The police looked at each other significantly.

“My wife! Alice! Where are they? What has happened—Someone believe me! I swear—”

Unbelieving eyes staring down at him! Hand reaching to hold him! Raw electric light battering into his eyes! And at the back of his mind—the lovely face of Alicia and the pink, chubby hand of little Alice upraised to wave—

Something snapped in his head.

An ambulance took him away. But in it was one more interne than the usual pair, and the three of them were extra strong. And they took him, not to a regular hospital, but to a sanitarium—

“Nurse—”

The voice was hoarse, weak. Benson hardly realized it was his own. A girl in white turned from the window of the white-walled room. Benson saw that the window was barred.

“Yes?”

“What time is it?”

“Four thirty in the afternoon,” said the nurse, with a professional smile. Benson noted, though, that in her eyes was a look far, indeed, from smiling.

“Half past four! Then I’ve been out for eighteen or twenty hours!”

“You’ve been out for three weeks,” corrected the nurse. “You’ve had brain fever.”

“Three weeks—”

Benson struggled upright in the bed. “I’ve got to get out of here! I’ve got to look for—”

The nurse pushed him firmly back. And finally he let her. He was too weak to do much, and knew it. He was silent for a moment, watching her.

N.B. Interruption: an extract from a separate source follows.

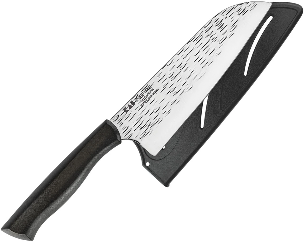 Kershaw Inspire Santoku, 6.75″ Hammered 4116 Stainless Blade, Black Synthetic Handle
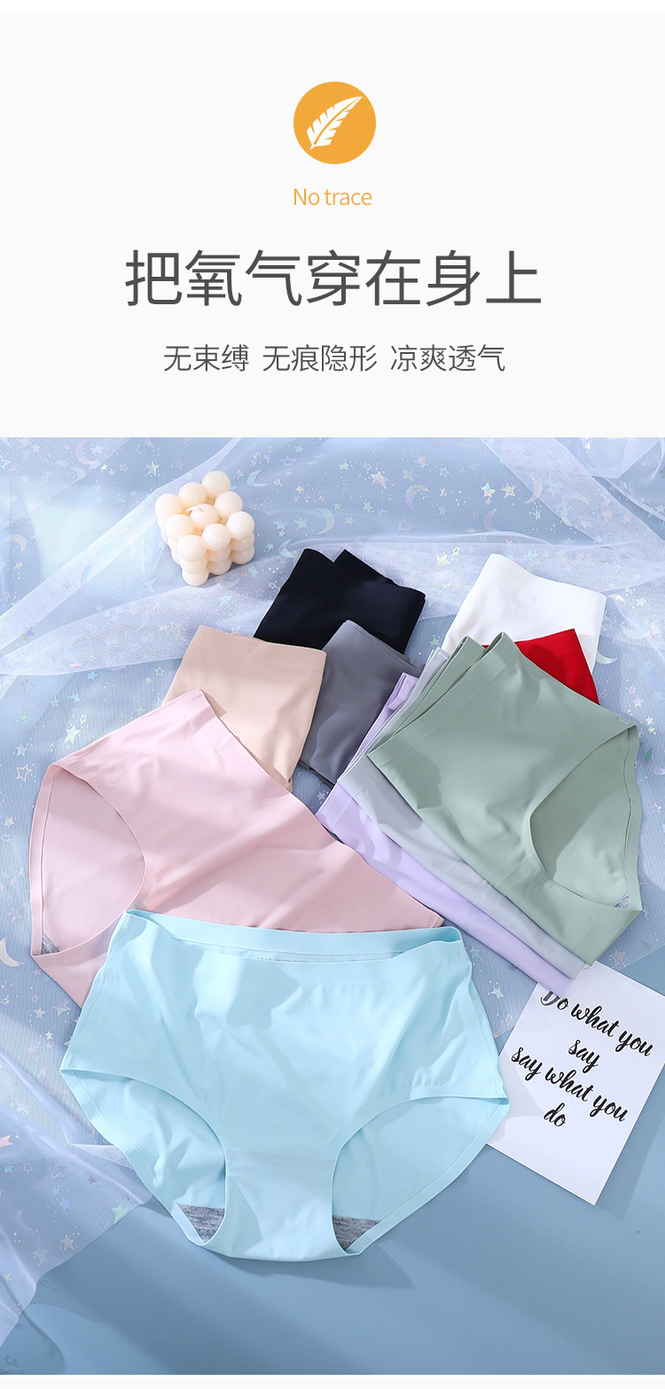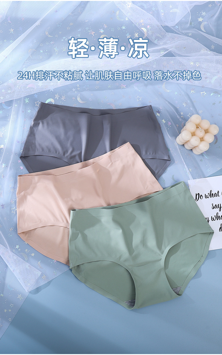 爆款一片式无痕冰丝女士中腰大码纯色亲肤透气性感三角内裤女810

“Why do you look at me like that?” he said. There was in his tired brain a sort of merciful numbness for the moment. It made dreamy and impossible the tragedy that had sent him here. Wife and child vanished apparently into thin air? Nonsense! They’d come in the door at any moment.

“Why do I look at you like that?” repeated the nurse. She hesitated, then shrugged. “You’ll have to know eventually. You might as well know now. You’ve changed, since they carried you in here.”

She handed him a mirror. Benson looked into it—and saw somebody else, not himself.

This somebody else had snow-white hair instead of coal-black hair. This somebody had a face as white as linen, instead of a face bronzed by sun and tinted by flowing vitality. This somebody’s face, moreover, was as absolutely expressionlesss as a wax mask.

There was something terrible about the expressionlessness. It wasn’t normal. It was that of something dead, not that of something living and merely in repose. It frightened you, that completely moveless face.

Benson, with a suffocating feeling rising within him, tried to smile. He couldn’t.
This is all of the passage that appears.